Eventually, you might want to Install the mermaid-cli for a quick test, then execute:
$ cat /tmp/mermaid-config.json
{
"theme": "forest",
"themeCSS": "",
"cloneCssStyles": false,
"sequence": {
"mirrorActors": false,
"useMaxWidth": false
}
}
$ mmdc -i /tmp/out.txt -o /tmp/out.svg -c /tmp/mermaid-config.json
A final solution would also integrate the mermaid-filter to the documentation generation tool-chain, which is out of scope of this document.
The tool only considers packets from or to port 5060 hardcodedly. If you want to capture traffic between different ports, you have to adapt the variable $filter_string, which is in standard pcap filter syntax.
Also note that all provisional responses with a response code smaller than 180 are automatically ignored. To change this behavior, the $skip_provisional variable must be set to 0.

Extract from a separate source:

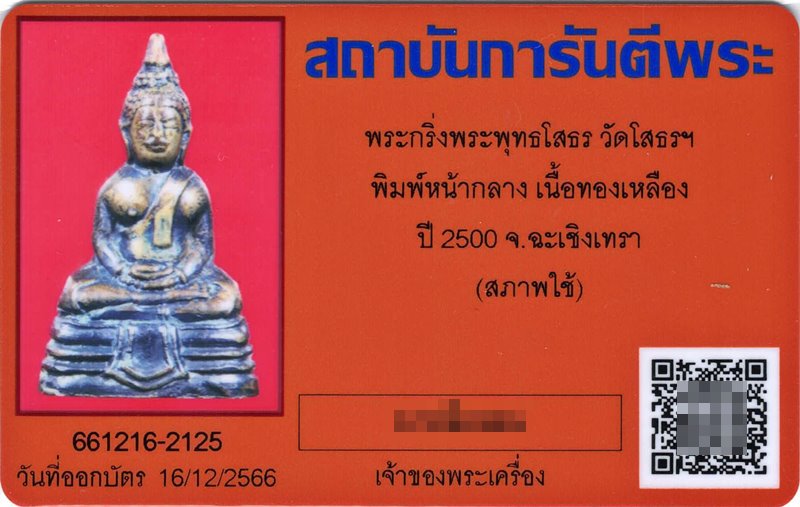 พระกริ่งหลวงพ่อโสธร พิมพ์หน้ากลาง ปี 2500 จ.ฉะเชิงเทรา เลี่ยมเงินแกะมือสวยๆ พร้อมบัตรรับรอง G-Pra (ระบุสภาพใช้) พระยังสวยน่ารัก มีหน้าตา พิมพ์ทรงยังมองเห็น หน้ากลางหายากแล้วครับ ส่วนใหญ่เจอแต่หน้าเล็ก หวงพ่อโสธรพุทธคุณครอบจักรวาล เป็นพระพุทธรูปศักดิ์สิทธิ์ ที่คนไทยนับถือกันน่าจะมากที่สุดในประเทศก็ว่าได้ ท่านที่ได้ไปรับรองไม่ผิดหวังครับ

If no optional mapping string argument is given, every single leg of
all SIP packets are displayed. The name of the endpoints are the
<ip>:<port> tuples. This can take a long time.
To optimize this and make the flow chart more readable, a mapping string accomplishes two things:
- Display a custom name for an endpoint instead of
<ip>:<port>in the flow chart - Ignore all endpoints that do not have a mapping string
The format of the mapping string is a comma-separated list of elements,
each containing a string <ip>:<port>=<name>.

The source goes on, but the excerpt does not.